→ **Instructions for the task**
Everything from the first line of the data through the line with "- Khung chân" is to be echoed exactly, minus the pictures.

→ **Supplied data**
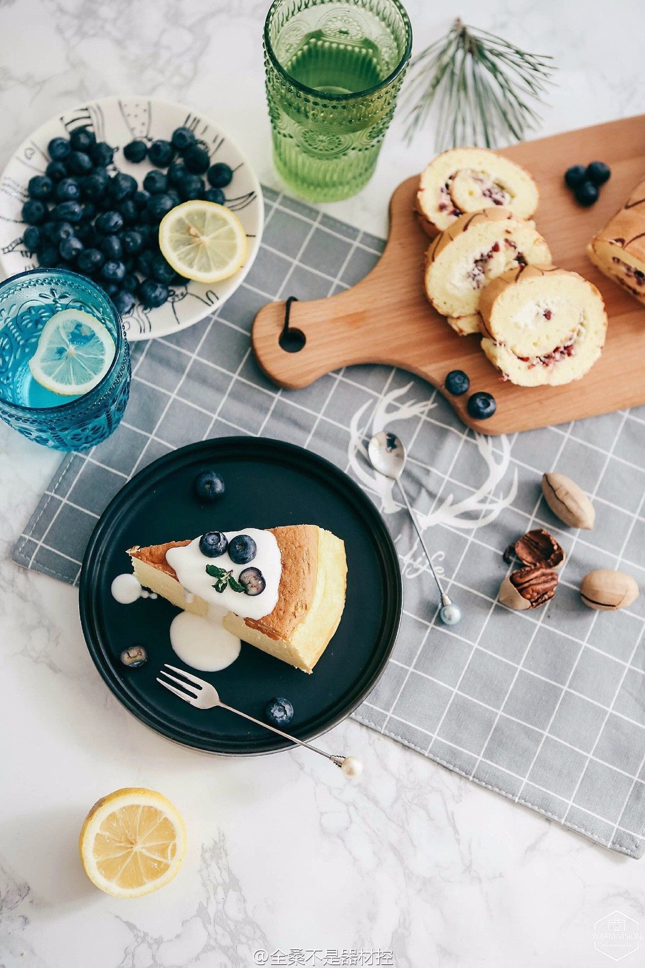 插花、刀叉、书本、调味瓶、酒杯、碟子……Anything,注意不是道具漂亮就好,要讲究搭配得和谐美观,可以从风格、颜色搭配、氛围的营造等多方面来考虑哦,这样画面才能显得更有层次感,要注意不要每次都拍得特别全,也要有一定取舍。
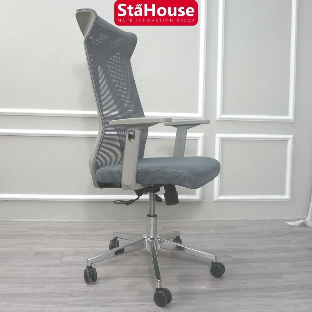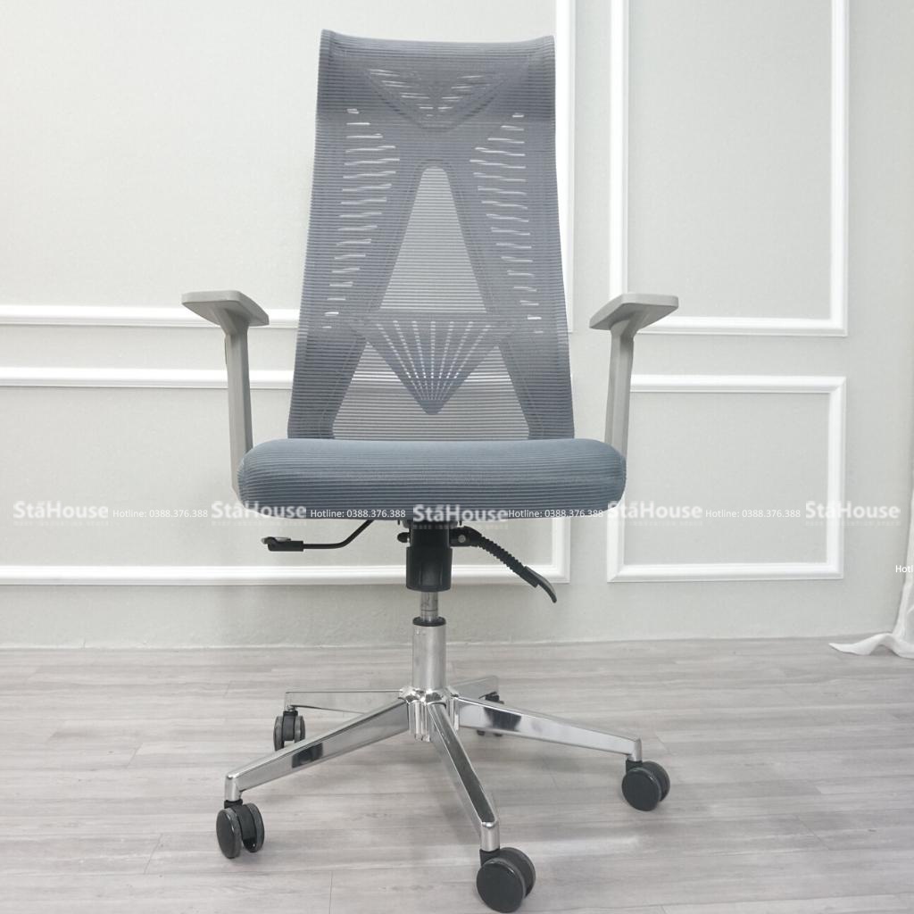 - Khung chân ghế thiết kế hình ngôi sao 5 cánh chịu lực cực tốt, bánh xe lăn giúp ghế di chuyển nhẹ nhàng
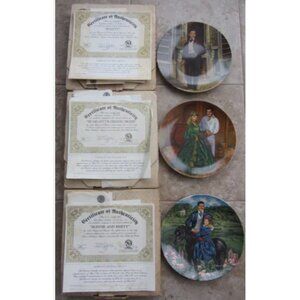 This listing is for 3 "Gone with the Wind" collector plates by The Edwin M. Knowles China Co. sold by The Bradford Exchange. The original box, Certificate of Authenticity, and a pamphlet about the artist is included. The plates are approx. 8.5-inches in diameter. These were purchased through an estate sale several years ago. I do not believe they were ever displayed. There is no tarnish or discoloration. Sorry about the camera glare.
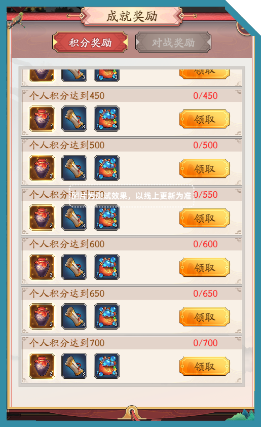 成就奖励:分为积分奖励、对战奖励;达到条件后可领取。
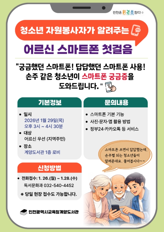 [뉴스앤톡] 인천광역시교육청계양도서관은 오는 29일 1층 로비에서 ‘어르신 스마트폰 첫걸음’행사를 운영한다.
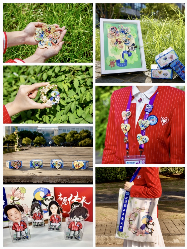 仪式现场还发布了由我校艺术与设计学院吴禹洁、张喆馨、张宸雨、李之兰等多位志愿者共同设计的纪念徽章、定制帆布袋、“小叶子”玩偶等特色文创产品。此次的徽章围绕责任共赢、数字化、新能源与绿色等四个主题进行设计,并融入学校志愿者吉祥物“小工蚁”等元素,象征着二工大“小叶子”们将与本届进博会携手并进。此次文创产品沿用了深受学生喜爱的经典系列产品,包括隐藏任务魔术贴、“小叶子”铭牌以及进博专款眼罩等。现场也为“小叶子”代表授予了第八届进博会志愿者装备及徽章。
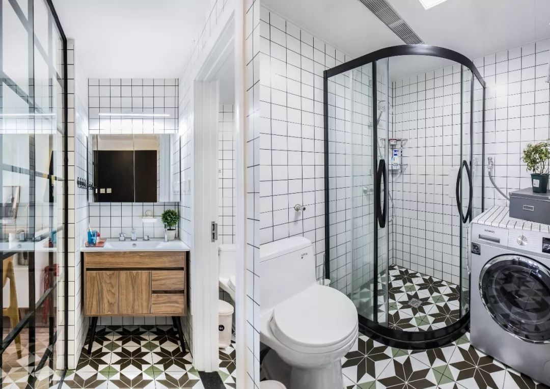 干濕分離的衛(wèi)生間設(shè)計,使用大量現(xiàn)代的元素,原木色的干區(qū)臺盆柜,與白色瓷磚的結(jié)合,加上黑色色金屬拉手和柜腳,使整個空間更加飽滿。
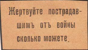 1915 1915(?) г. Разм. 55 х 28 мм. Одноцветная печать на желтой бумаге. В центре текст в три строки: «Жертвуйте пострадавшим от войны сколько можете».
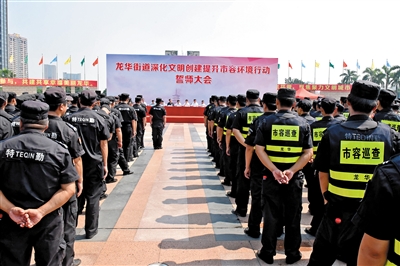 “齐抓共管、真抓实干,攻坚克难、奋勇争先!”烈日下,执法队员、环卫工人、义工代表、市容巡查员、居民代表等千余人铿锵发声,响彻龙华文化广场。16日上午,龙华街道召开“深化文明创建提升市容环境行动”誓师动员大会。
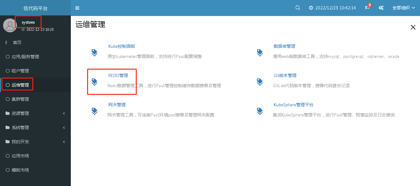 - 使用租户管理员,在应用/服务管理中,点击应用右侧的资源按钮,进入业务数据库
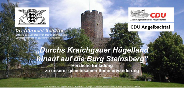 Sehr geehrte Damen und Herren, herzlich laden wir alle wanderfreudigen Bürgerinnen und Bürger zu einer gemeinsamen Wandertour unter dem Motto „Durchs Kraichgauer Hügelland hinauf auf die Burg Steinsberg“ ein. Gemeinsam wollen wir von Angelbachtal aus startend entlang der Felder und durch die Wälder Richtung Hammerau laufen. Der kurze Anstieg zum Abschluss wird durch den wunderschönen Ausblick von der Burg Steinsberg über Sinsheim und den Kraichgau belohnt. Wir freuen uns auf Sie und darauf, mit Ihnen beim Wandern und gemütlichen Beisammensein persönlich ins Gespräch zu kommen.
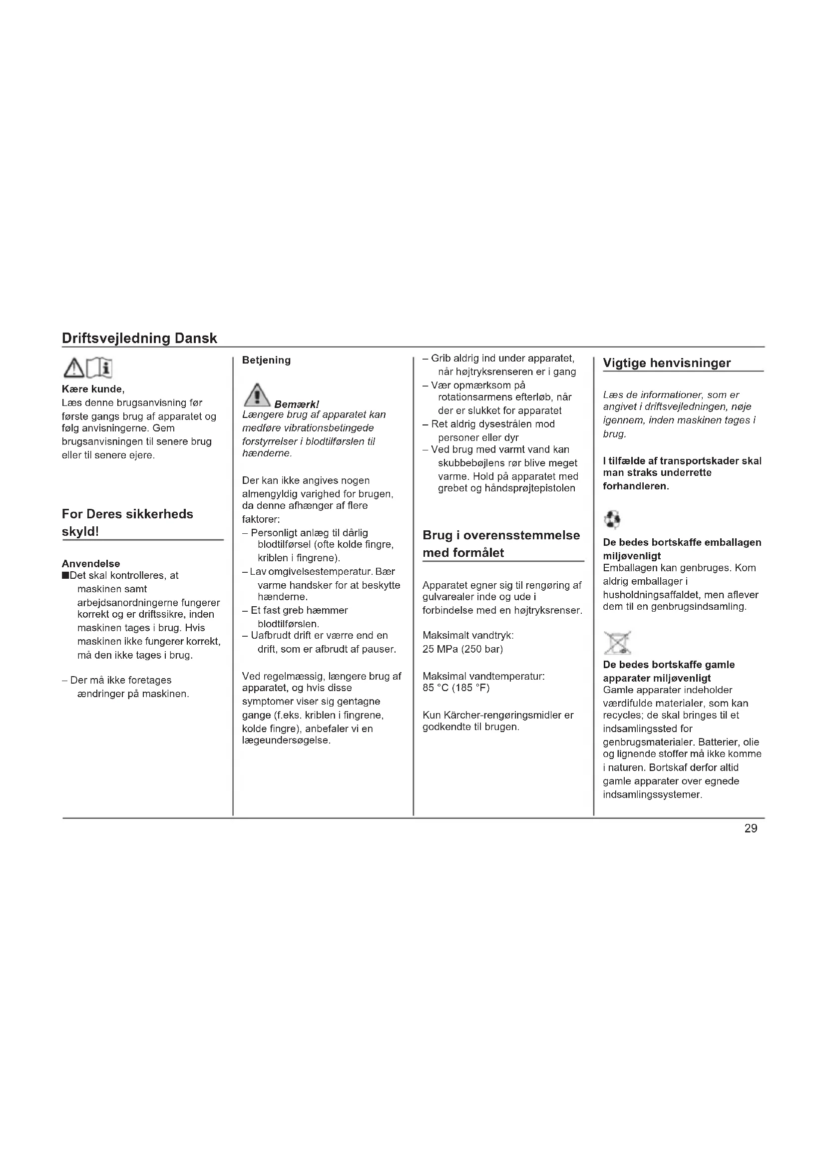 Kære kunde, Læs denne brugsanvisning før første gangs brug af apparatet og følg anvisningerne. Gem brugsanvisningen til senere brug eller til senere ejere. For Deres sikkerheds skyld! Anvendelse ■ Det skal kontrolleres, at maskinen samt arbejdsanordningerne fungerer korrekt og er driftssikre, inden maskinen tages i brug. Hvis maskinen ikke fungerer korrekt, må den ikke tages i brug. – Der må ikke foretages ændringer på maskinen. Betjening Bemærk! Længere brug af apparatet kan medføre vibrationsbetingede forstyrrelser i blodtilførslen til hænderne. Der kan ikke angives nogen almengyldig varighed for brugen, da denne afhænger af flere faktorer: – Personligt anlæg til dårlig blodtilførsel (ofte kolde fingre, kriblen i fingrene). – Lav omgivelsestemperatur. Bær varme handsker for at beskytte hænderne. – Et fast greb hæmmer blodtilførslen. – Uafbrudt drift er værre end en drift, som er afbrudt af pauser. Ved regelmæssig, længere brug af apparatet, og hvis disse symptomer viser sig gentagne gange (f.eks. kriblen i fingrene, kolde fingre), anbefaler vi en lægeundersøgelse. – Grib aldrig ind under apparatet, når højtryksrenseren er i gang – Vær opmærksom på rotationsarmens efterløb, når der er slukket for apparatet – Ret aldrig dysestrålen mod personer eller dyr – Ved brug med varmt vand kan skubbebøjlens rør blive meget varme. Hold på apparatet med grebet og håndsprøjtepistolen Brug i overensstemmelse med formålet Apparatet egner sig til rengøring af gulvarealer inde og ude i forbindelse med en højtryksrenser. Maksimalt vandtryk: 25 MPa (250 bar) Maksimal vandtemperatur: 85 °C (185 °F) Kun Kärcher-rengøringsmidler er godkendte til brugen. Vigtige henvisninger Læs de informationer, som er angivet i driftsvejledningen, nøje igennem, inden maskinen tages i brug. I tilfælde af transportskader skal man straks underrette forhandleren. De bedes bortskaffe emballagen miljøvenligt Emballagen kan genbruges. Kom aldrig emballager i husholdningsaffaldet, men aflever dem til en genbrugsindsamling. De bedes bortskaffe gamle apparater miljøvenligt Gamle apparater indeholder værdifulde materialer, som kan recycles; de skal bringes til et indsamlingssted for genbrugsmaterialer. Batterier, olie og lignende stoffer må ikke komme i naturen. Bortskaf derfor altid gamle apparater over egnede indsamlingssystemer.Driftsvejledning Dansk
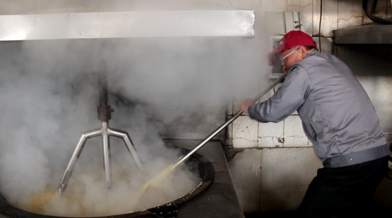 在糗糜車間,于秦峰開啟了鏟米第一耙。接下來,生產(chǎn)不忘防疫的釀酒師傅們,人人佩戴口罩,虔誠而嫻熟地?fù)]舞著鏟耙,蒸煮、糊化、發(fā)酵、壓榨……實踐著于秦峰積累30多年生產(chǎn)經(jīng)驗提煉出來的即墨傳統(tǒng)老酒釀造精髓——“糗糜法”。傳統(tǒng)老酒生產(chǎn)工序環(huán)環(huán)相扣,頃刻間,整個釀造車間彌漫著氤氳的熱氣和酒香,奏響了一曲蕩氣回腸又韻味無窮的“春之聲”,妙府老酒新春第一甑美酒正汩汩冒出。

→ **Solution for this task**
 插花、刀叉、书本、调味瓶、酒杯、碟子……Anything,注意不是道具漂亮就好,要讲究搭配得和谐美观,可以从风格、颜色搭配、氛围的营造等多方面来考虑哦,这样画面才能显得更有层次感,要注意不要每次都拍得特别全,也要有一定取舍。
 - Khung chân ghế thiết kế hình ngôi sao 5 cánh chịu lực cực tốt, bánh xe lăn giúp ghế di chuyển nhẹ nhàng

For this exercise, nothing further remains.